Thursday, May 1, 2008

We Own the Night

I tried to draw similarities between James Gray's We Own the Night with films before I saw it, but recognized quickly after viewing the flick was harder to categorize than one would expect.

I immediately condemned the film from the preview; with its star-studded cast and apparently formulaic script; cops, drug-dealers, bad son, good son. Although it was from far earth-shattering in its originality or in its themes, Gray's thriller was a real masterpiece. It reminds you what makes an actor, what makes tension, and what abiding by the rules of Hollywood, entertainment, and traditional omniscient narrative can give you; a fucking good time.

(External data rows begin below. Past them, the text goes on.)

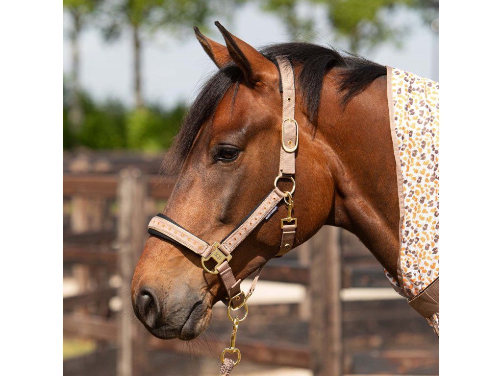 Ohlávka je navržena v moderním stylu s důrazem na detail – třpytivé krystaly na nánosníku a lícnicích dodávají produktu výrazný a reprezentativní vzhled.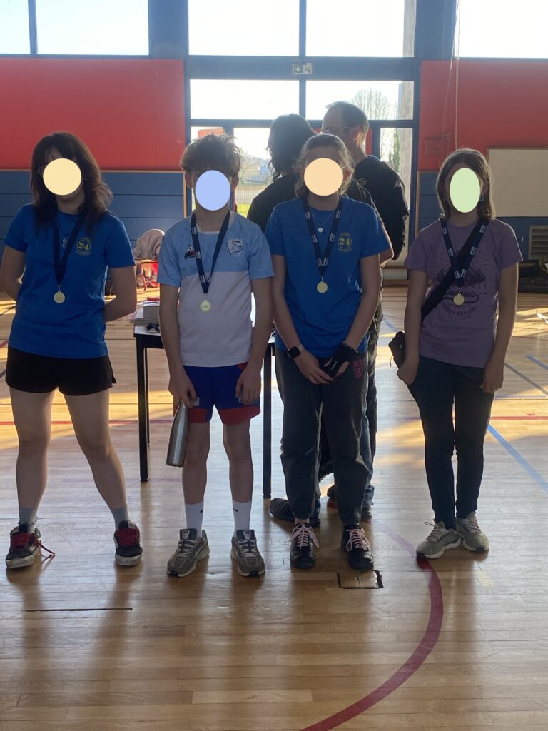 Les 13 élèves ont été médaillés (Or, argent, bronze) et récompensés pour leur performance. Ainsi 4 d’entre eux, Alice Chapelier, Oriane Picard-Lascaux, Léna Pécon et Clément Boissarie ont été sélectionnés pour les Championnats de France UNSS qui se dérouleront fin Mars à Riom (63). Mathéo Rochette a également validé son diplôme de Jeune Arbitre au niveau académique.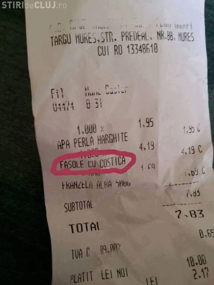 Viața bate filmul! A luat fasole cu costiță, dar a primit acest bon - FOTO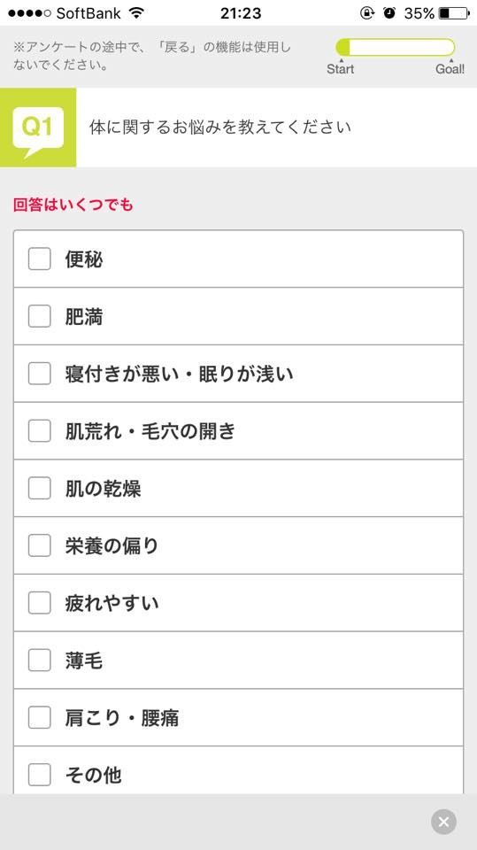 3.まずはかんたんアンケートに答えます。この情報などを元に次のアンケートが配信されるのを待ちます。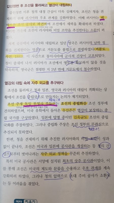보통 벼락치기 하면 대충 여러번 반복하는 사람 많은데 그러면 좀 어려운 서술형이나 문제 꼬아서 내면 무조건 틀린다고 봐ㅠㅠ 그래서 일단 밑줄치면서 한번 쭉 완전 꼼꼼히 읽어!! 그래도 한국사는 배경지식이 대충 있잖아 반면 완전 처음 보는 내용도 있을거고 처음부터 통으로 외우려고 하지말고 꼼꼼히 보면서 잘 모르는 것들 체크해두기!! (난 노랑 형광펜 추천)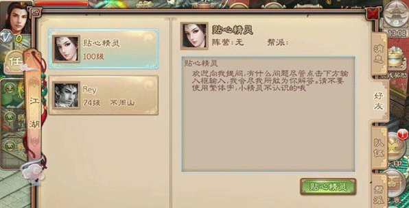 在好友界面,有一个贴心精灵,当你遇到不懂的问题,除了到论坛咨询外,还可找精灵咨询哦!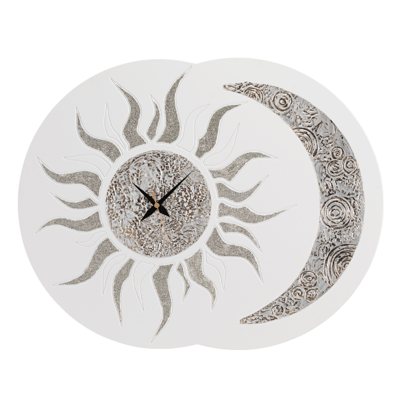 reloj cm 70x55 RELOJ SOBRE PANEL EN FORMA DE MARFIL LACADO DE MDF CON RELIEVE DECORACIÓN CON RESINA PLATA HOJA Y BRILLO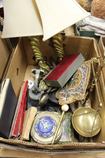 Miscellaneous collectables to include a stool, a pair of lamps, a wooden tray, scales etc.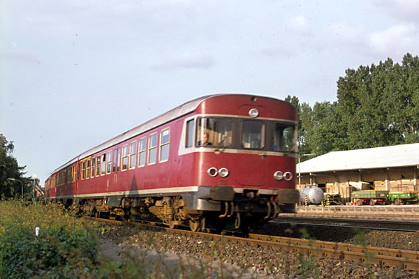 Aschendorf, 18 augustus 1974. Treinstel 624/924 als trein naar Rheine. Let op de deur in de voorkant van de machinistencabine. Deze is later verwijderd. |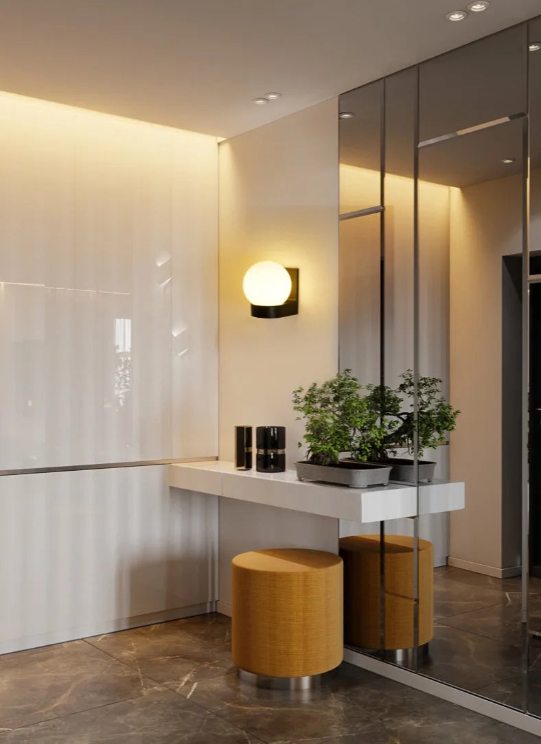 The spherical diffuser casts a warm, even light, making it ideal for entryways, patios, garden walls or balconies. With an IP65 rating, it’s built to withstand the elements while maintaining a refined finish.

Not to mention how much fun it must have been to make a film like this with certainly a low budget (except for actor payroll), rough and gritty dialogue, and a time in New York with characters that are best observed from afar.

I think we could've seen a little more development as to what kind of world of darkness the good guys actually faced. We know there was some shady stuff going on with a peak into the drug trafficking underbelly, and men who evoked an extreme level of fear, but outside of one fantastic murder attempt and an incredibly intense car chase, you were routing for them to catch the bad guy but didn't want his head on a spear with his genitals shoved in his mouth, like let's say, oh, the girl's father in Pan's Labrnyth. Overall a must-see.